На выступлениях Лоры я сижу, положив ноги на второй стул, чтобы мне было в высшей степени комфортно. Я – единственный во всем зале, кто осмеливается на такое. Я даже приношу из дому плоскую мягкую подушечку и подкладываю под спину – и тогда начинает казаться, что я в своей постели. Меня охватывает ощущение тепла и комфорта, и порой я засыпаю. Поэтому я всегда усаживаюсь в темном углу, где менее заметен. Я пью сок, горячий шоколад, имбирный эль, ем желе. Я не пью алкоголь, потому что не люблю его, и чувствую себя слишком уютно, чтобы меня заботило, что обо мне подумают. Если меня спросят, почему я пью эти детские сладкие напитки, я всегда могу сказать, что я – алкоголик «в завязке», – мне кажется, это респектабельнее, чем сказать, что я просто не люблю алкоголь. Я не пью кока-колу, поскольку не люблю пощипывающие пузырьки. Я греюсь в лучах славы. Пожалуй, это точно описывает мое состояние. Да, я нежусь в лучах славы.
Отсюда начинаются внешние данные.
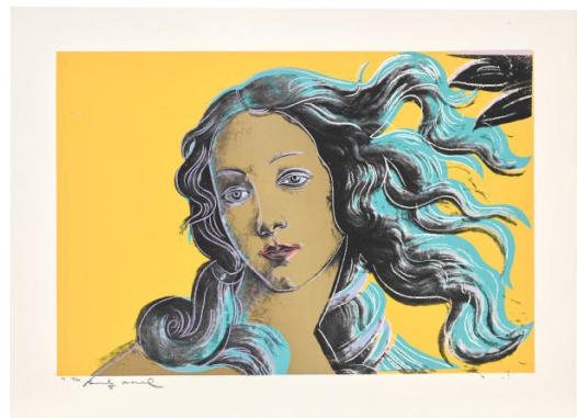
Andy Warhol Details of Renaissance Paintings (Sandro Botticelli, Birth of Venus, 1482) (see F. & S. 316-319), 1984 Estimate: £80,000 - 120,000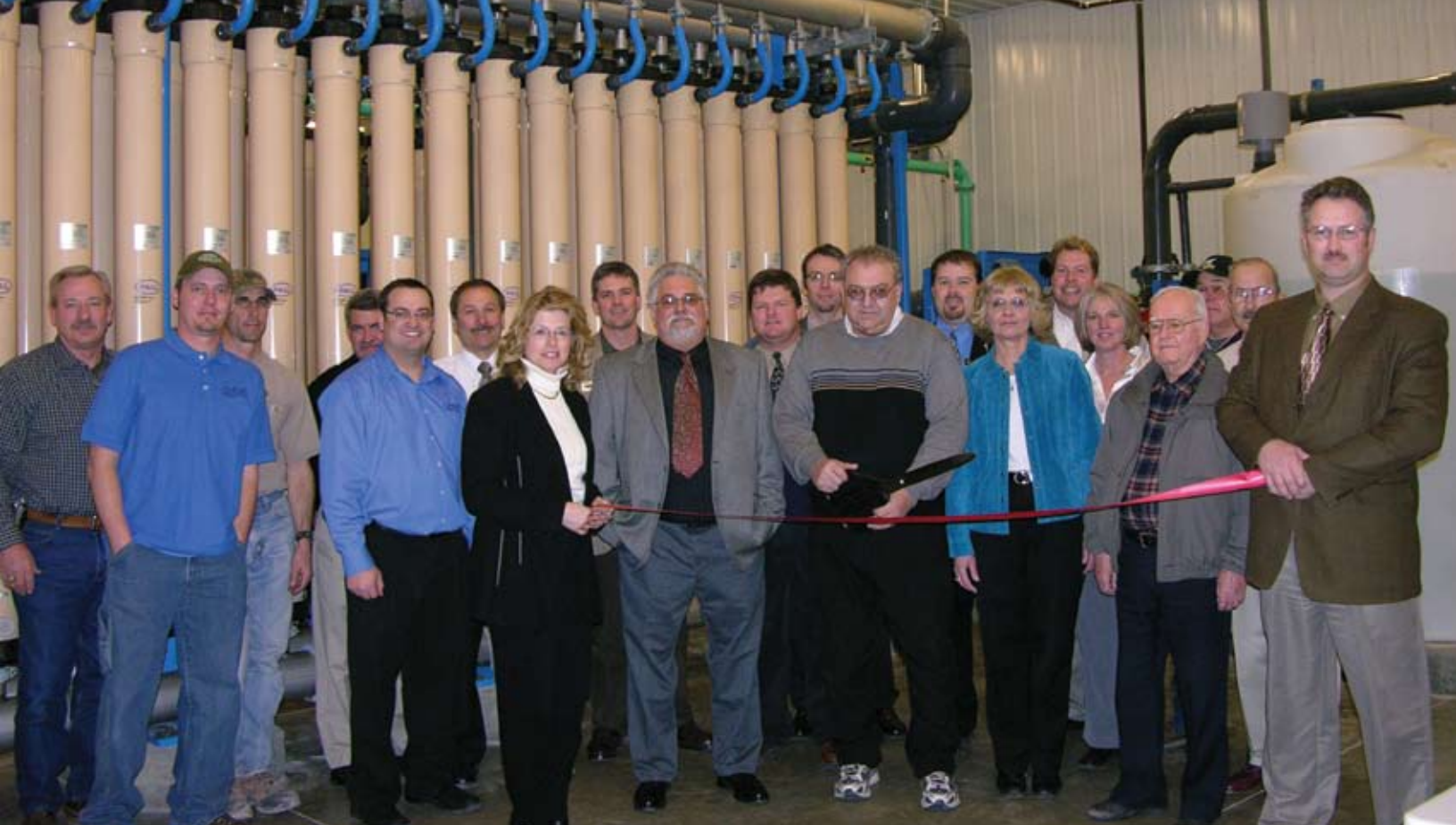
Staff of the Rapid Valley (S.D.) Sanitary District gather for the ribbon cutting on its new water treatment plant.

body through which local governments share resources.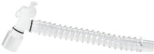
Flexible trach adapter with 15 mm connection (1073863 10/pack) Connects to the flow sensor of the active exhalation valve.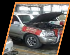
Service & Maintenance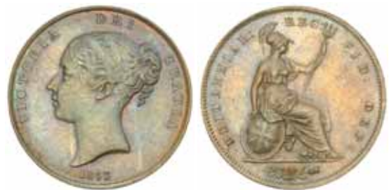
1031* Queen Victoria , copper penny, 1853 with ornamental trident, DEF with far colon, (S.3948, P.1500). Nearly uncirculated with trace of mint red.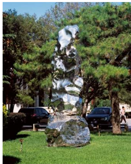
Figure 5 Zhan Wang Rockery Series, 1995.

Note: https://www.namoc.org/zgmsg/xw2023/202312/768b85c0600a46b3806c7a44689ce633.shtml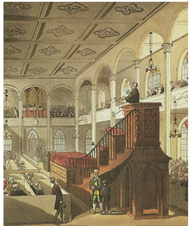
Left, St John, Doddington, Cheshire (Edward Lapidge, 1837) Right, The Philanthropic Chapel, London (James Peacock, 1803-6) showing a typical genteel congregation at worship, from Rudolph Ackermann's Microcosm of London, 1808-10.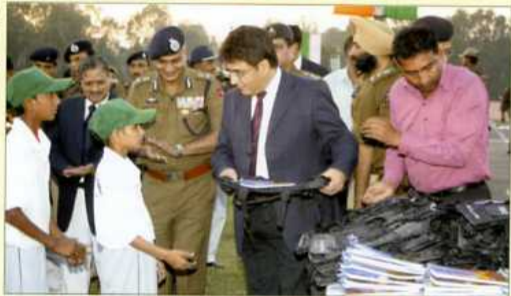
DGP J&K accompanied by ADGP Armed/Law & Order J&K and other senior police officers distributing sports dresses to the students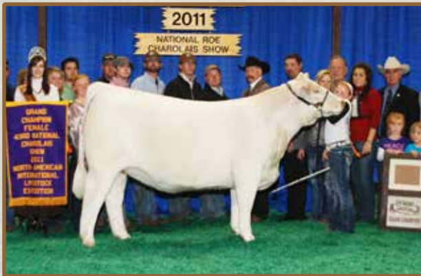
Ivory Angel, National Champion full sister to dam of Lot 14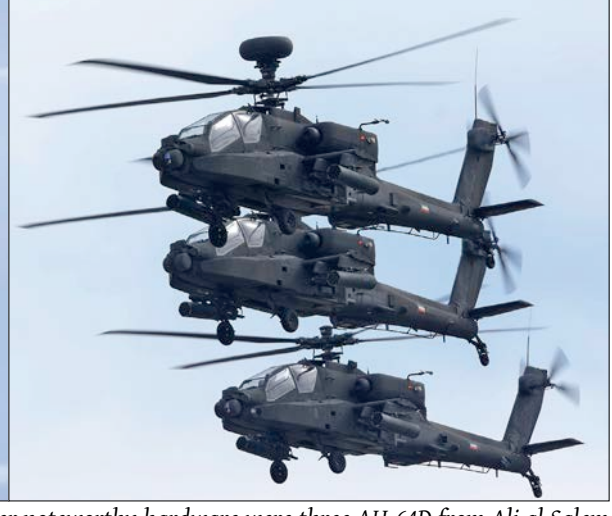
Soloturk did his magic at KAS2018 with an energetic aerial demonstration. Other noteworthy hardware were three AH-64D from Ali al Salem Air Base that performed a flypast at the show's opening. (Kuwait Intl, 17 January 2018,)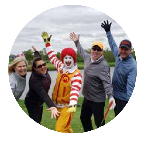
Premier Bank Team at RMHC Golf Tournament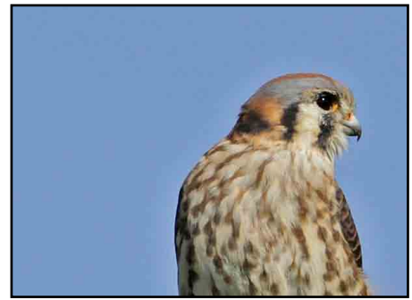
— what is this bird?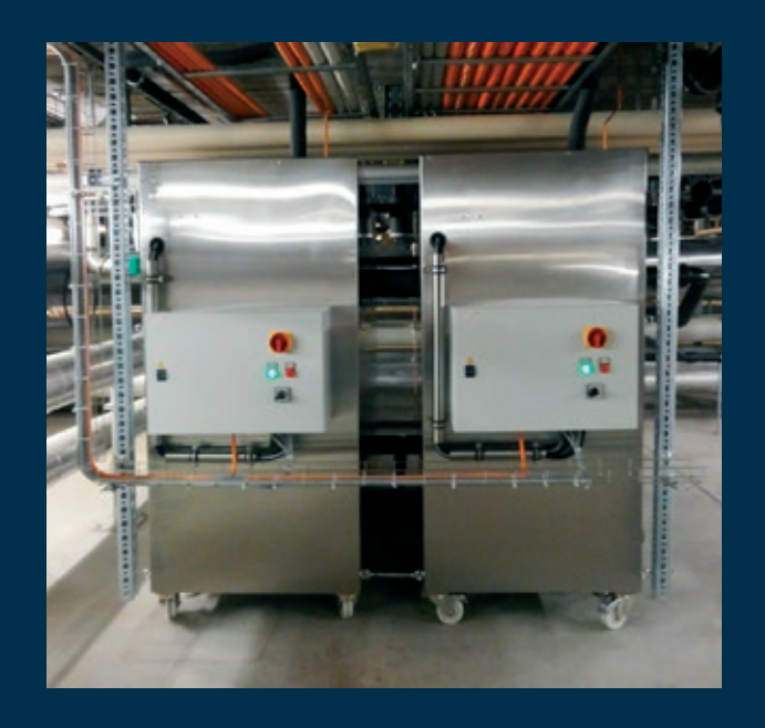
Several units can be connected to same system, if there is plenty of kettles to be cooled.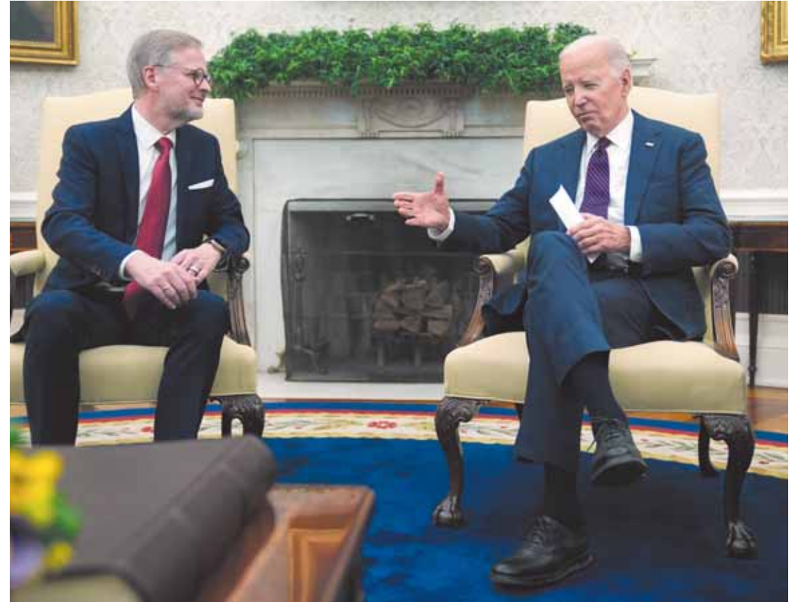
President Joe Biden, right, meets with Prime Minister Petr Fiala of the Czech Republic in the Oval Office at the White House, Monday.

The long-term health impacts of vaping are unknown, and the nicotine contained within them can be highly addictive, it warned. According to official figures, responsible for around 80,000 deaths annually, smoking is the UK's single biggest preventable killer and costs the NHS and economy an estimated GBP 17 billion a year — more than the GBP 10 billion annual revenue from tobacco taxation.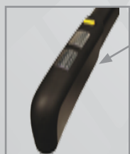
Grip Pulse with Incline Toggle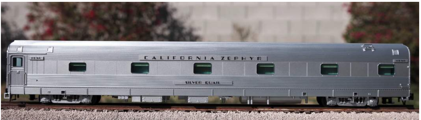
Atlas 6-5 Budd Sleeper "Silver Quail"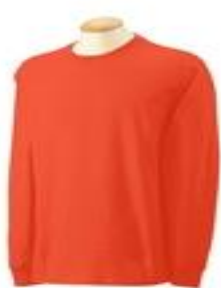
Orange Long Sleeve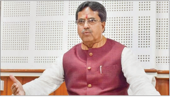
Agartala on the occasion of Bhai Phonta on Sunday. The chief minister expressed that sisters from various parts of the state came to his official residence today and

AGARTALA, Nov 3: Chief minister Manik Saha said on Sunday that the state government has undertaken various important schemes for the welfare of women, and additionally, the current state government is giving special attention to the safety of women in line with 'Ek Tripura, Shrestha Tripura' vision. "We all have to unite to build an Ek Tripura, Shrestha Tripura. The state government has initiated various important schemes for the welfare of women, and besides this, the present state government is prioritizing women's protection," said Dr. Saha. Dr. Saha said this during a function held at his official residence in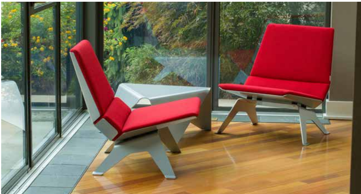
Shown Above: ALMG Chairs in Blazer Handcross with the ALMG Table.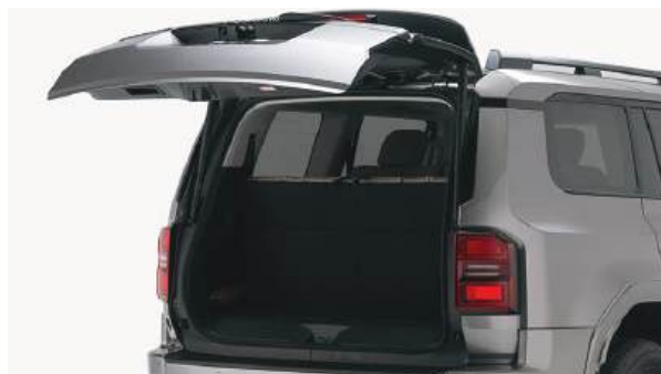
Convenient Cargo Access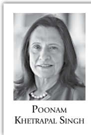
POONAM KHETRAPAL SINGH

Amid the Covid-19 response, opportunities to prevent, detect, control and treat NCDs must be fully harnessed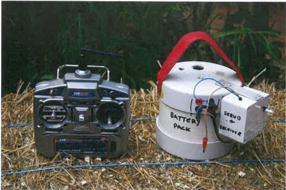
Figure 5 The transmitter (left), and the receiver/battery pack (right). The battery pack, servo and receiver have been combined into one unit for convenience.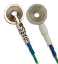
Pure, solid Silver cast cup, burnished for a smooth finish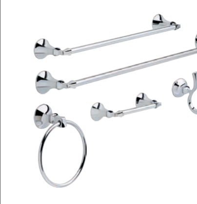
76418 18" Towel Bar 76424 24" Towel Bar 76435 Double Robe Hook 76446 Towel Ring 46450 Tissue Holder

TouchClean® soft rubber spray holes allow you to easily wipe away calcium and lime build-up from the spray face with the touch of a finger.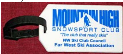
Luggage tags distributed at FWSA Convention in Bellevue.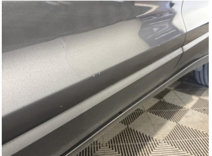
4: Door nsf Chipped Multiple Chips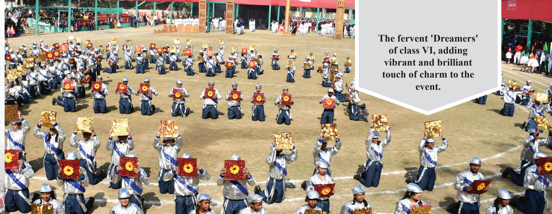
The fervent 'Dreamers' of class VI, adding vibrant and brilliant touch of charm to the event.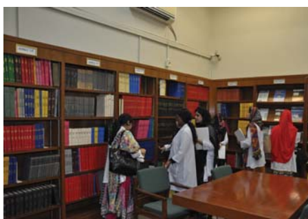
Library at Chhablani Medical Centre, Sukkur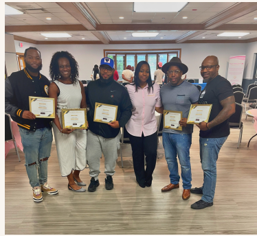
Annual Career Day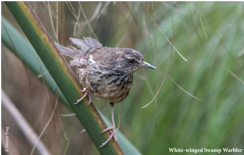
White-winged Swamp Warbler

Leaving Buhoma it was now time for some open-country birding as we first travelled through farmlands to the Kihikihi area. A sunset session produced several distant Pennant-winged Nightjars and a very agitated Black-shouldered Nightjar , and African Wood Owl after dinner. The next morning we found Swamp Nightjar pre-dawn, and once it was light Grey-backed Fiscal, Yellow-throated Leaflove, Rüppell's Starling, Levaillant's Cuckoo, Sooty Chat, Copper Sunbird, Black Cuckooshrike and Black-lored Babbler . Entering the open savannas and grasslands of Queen Elizabeth National Park we drove towards Mweya, pausing along the way to see White-headed Barbet, Ayres's Hawk-Eagle, Palm-nut Vulture, Western Banded Snake Eagle, African Grey Woodpecker, Brubru and Stout Cisticola near the roadside, before an afternoon boat trip on the Kazinga Channel impressed with its sheer number of birds and wildlife: several hundred African Skimmers , more than a thousand Pied Kingfisher, African Spoonbill, Squacco Heron, Water Thick-knee , plenty of Pink-backed Pelican and Great White Pelican , a surprise Red-throated Bee-eater, Olive Bee-eater , and African Pygmy Kingfisher , while the shores were lined with African Buffalo, Savanna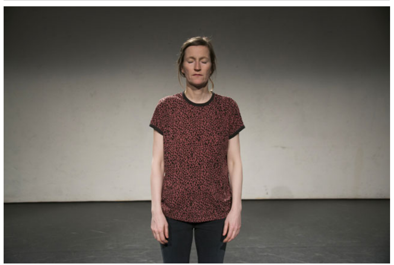
Mette Edvardsen performing No Title at Far Festival Nyon, 2014.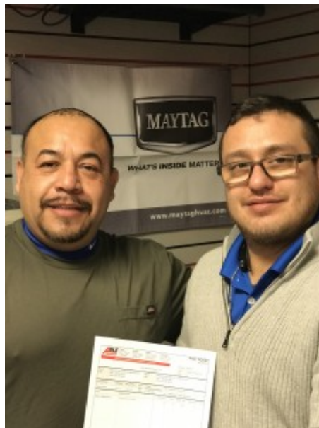
Sergio's Heating & Cooling Service - $300.00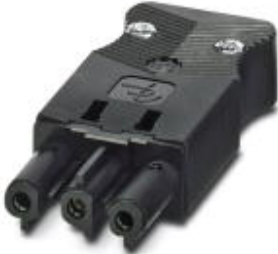
Socket for power supply and series connection, black, 3-pos.

Please be informed that the data shown in this PDF Document is generated from our Online Catalog. Please find the complete data in the user's documentation. Our General Terms of Use for Downloads are valid ( http://phoenixcontact.com/download )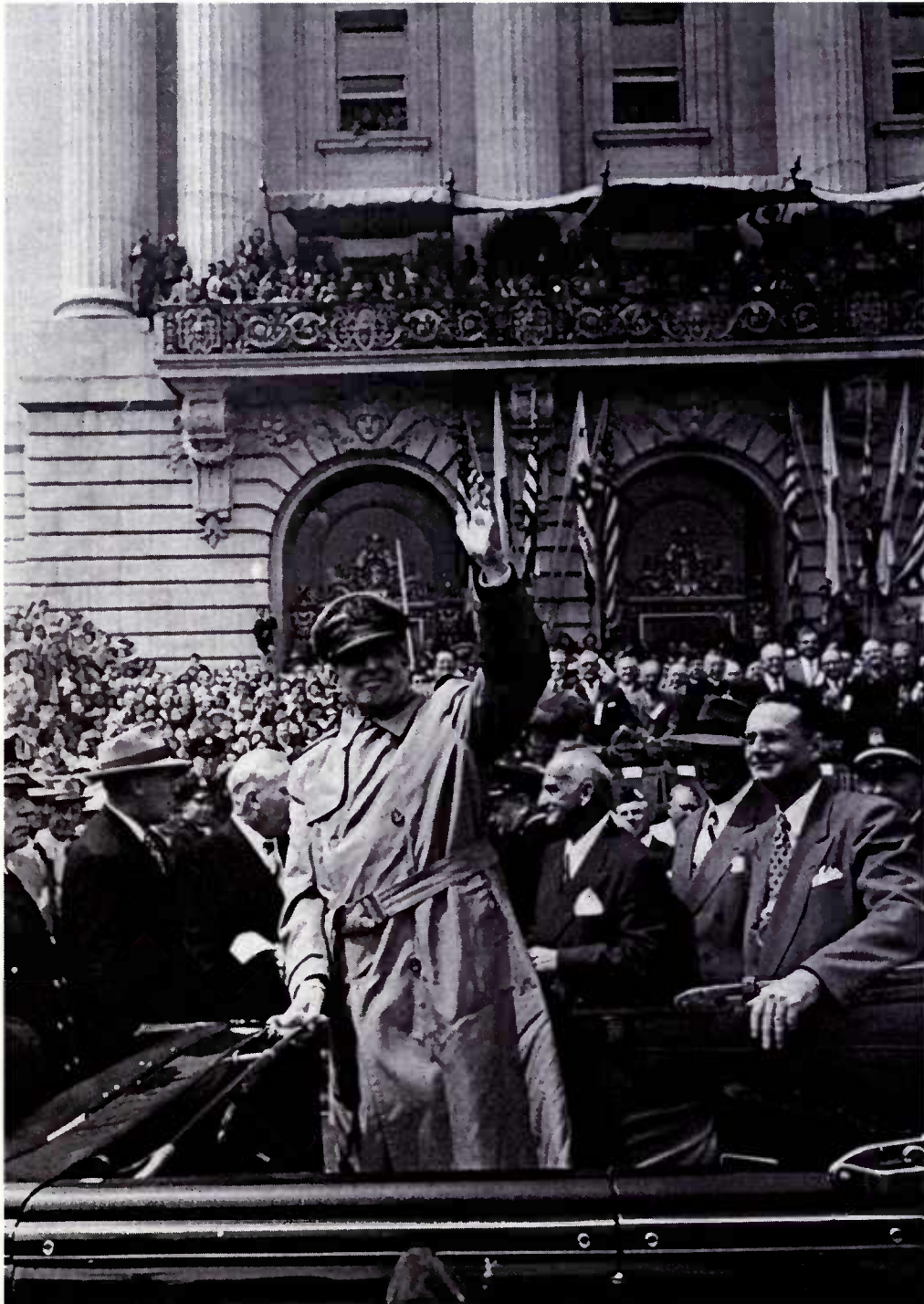
General Douglas MacArthur on his return from Korea. San Francisco, 1951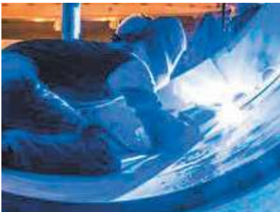
TIG welding of stainless steel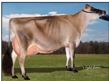
RAPID BAY FATAL GETAWAY RICH Dam of Lot 4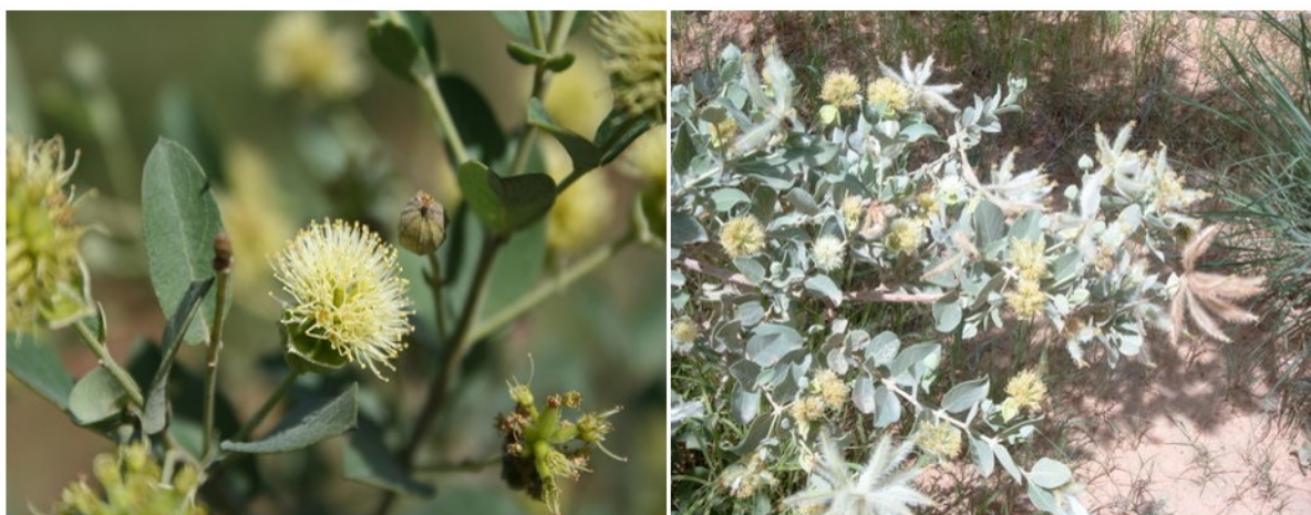
Figure 1: Close view of Guiera senegalensis .

mucronate at the apex, rounded or slightly cordate at the base. About 2 to 4 cm long by 1 to 2 cm wide, softly tomentose on both surfaces, with scattered black glands beneath lateral nerves fine. Flowers globose heads, yellow-greenish, resting on short axillary peduncles. Calyx of 5 lobes densely covered by black spots, corolla of 5 petals, the stamens are 10 on two rows of 5, all inserted on the calyx [4,6,7]. The ovary has a single box containing 4 to 6 eggs [8]. Fruit narrowly cylindrical, radiating, 3.5 cm long, densely clothed with very long silky hairs, making a fluffy head (Figure 1). Flowers Sept.-Jan.; Fruits Feb.-May [6].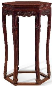
PROPERTY FROM THE YUNWAI LOU COLLECTION AN IMPORTANT AND EXCEPTIONALLY RARE HEXAGONAL HUANGHUALI INCENSE STAND, XIANGJI 17TH CENTURY PRICE REALIZED: $2,550,000

Important Chinese Art from the Junkunc Collection achieved a total of $5,951,500 with 87% sold by lot, 94% sold by value, and 185% hammer above low estimate. The top lot of the sale was a finely carved white jade figure of a mythical beast from the 17th-18th century that sold for $525,000. Other notable results included a very rare pale beigish-white and yellowish-brown camel dated to the Tang-Yuan dynasty that sold for $437,500; a rare miniature yellow jade faceted jar and cover dated to the Qianlong period or earlier that realized $375,000; a rare gilt-silver sheath dated to the Liao-Yuan dynasty, which sold for $187,500; and a 14th-early 18th century archaic silver and gold-inlaid bronze jar, once in the Qianlong Emperor's collection that achieved $250,000. Browse the sale results here.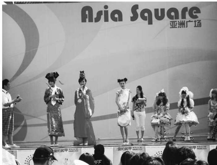
Photo 19 Chinese and Japanese Lolita Fashion

Japanese government with anime songs in Lolita fashion, were most attractive to young Chinese (photo 19). There was also a light portable shrine with lanterns featuring anime characters, newly built in Washimiya Shrine in Saitama Prefecture, which is famous as a sacred place for “ Otaku ” anime fans. Thus (photo 20) I happened to encounter a new Japanese sacred place expanding abroad with the help of its government.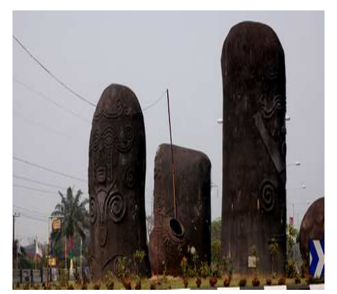
Ikom Monolith, part of the attraction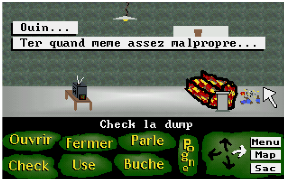
Figure 2: Tabarnak (I-Grec 1998)

screen might not be perfectly comprehensible to one only used to standard French but are hilarious to those familiar with Quebecois French.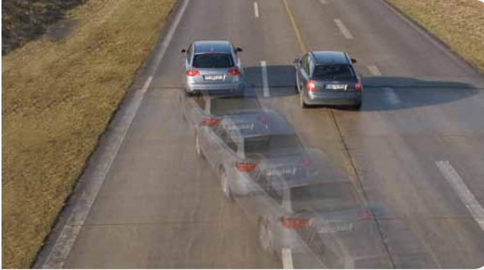
Individual Traffic of Tomorrow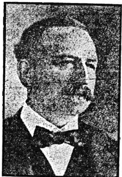
Sir Thomas Shaughnessy.

Sir Thomas Shaughnessy, the C. P. R. president, is somewhat noted for his quaint wit. On one occasion a pompous young man with very high notions of his own importance, consulted him in regard to choosing a vocation for life. He said, "Sir Thomas, as you have been a very successful man, I am sure you are capable of giving excellent advice to a young man just starting in life. What business would you advise me to engage in?" "Shoemaking," was the senti-

Я обвожу собравшихся взглядом, чтобы посмотреть, смотрят ли они на меня. Интересно, знают ли они, кто я такой, знают ли, что я любовник женщины, которую они боготворят? Я не ревную ее к успеху. Он озадачивает меня. Мне не кажется, что она заслуживает успеха, и от этого все становится еще чудеснее. Что может быть лучше того, чтобы получить нечто незаслуженное?
Ее шоу стало неким культом, наподобие «Шоу ужасов Рокки», только у Лоры оно бесконечно интеллектуальнее и возвышеннее. Ее фокусы все время меняются, совершенствуются, претерпевают метаморфозы. Она вводит фокусы, где эффект достигается не противопоставлением вторичной функции вещи первичной, а простой и легкой необычностью. Например, она снимает сапоги, и оказывается, что у нее босые ноги. Она с презрением отвергла ожидание, что под сапоги надевают носки. Она сбрасывает с головы цилиндр, и он повисает у нее за плечами наподобие ковбойской шляпы. Если это и не поражает, то по крайней мере выглядит необычно.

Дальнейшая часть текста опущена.